Regionally, vaccinated international tourists will finally be allowed to enter Australia again in March. The country’s borders shut exactly two years before that in March 2020. Skilled migrants and international students were only allowed back in December 2021. But now that Covid-19 cases are down in all states, Australia’s home affairs minister says she’s making the opening a “priority. The home affairs minister said Australia’s economy is still under pressure from Covid-19, and she wants to see foreigners return to boost the country’s important tourism sector. Over 90% of Australians are vaccinated, and 8.8 million booster shots have been given.

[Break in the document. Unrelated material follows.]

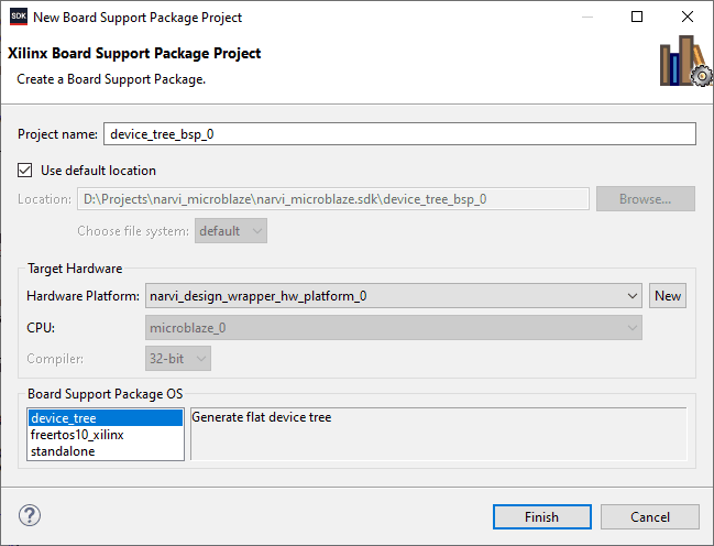 Step 4: Go to File -> New select “Board Support Package”. In the dialog window, select “device_tree” under “Board Support Package OS” and press “Finish” and then “OK” in another dialog that opens.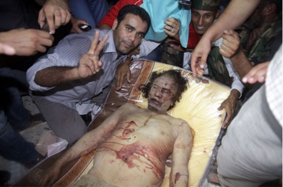 Tras meses de asedio de los rebeldes de Libia y de ataques de la coalición militar de la OTAN, Muamar Gadafi, fue capturado en Sirte, su ciudad natal, mientras intentaba huir a Misurata. El ex dictador, al ser capturado, padeció la ira desboradada de su pueblo y con esto la rebelión terminó con 40 años de dictadura. No obstante, las manifestaciones de desprecio que sufrió el cadáver de Gadafi fueron condenadas y celebradas al mismo tiempo. Feron muchas las imágenes que circiularon en internet con rebeldes posando junto a los restos del ex líder libio como si se trara de un trofeo de caza.

The land of the panda, and mass manufacturing, has failed to produce enough panda souvenirs for the Beijing Winter Olympics, that started on Friday. Bing Dwen Dwen, a cuddly panda on ice skates, is the official mascot of the Beijing Games – but people in China are being frustrated in their efforts to buy souvenirs of her. With spectators largely banned from the Games due to coronavirus restrictions, owning a Bing Dwen Dwen souvenir will be the closest most people will get. Chinese media reports long queues at the main souvenir shops in Beijing, with disappointed fans turned away.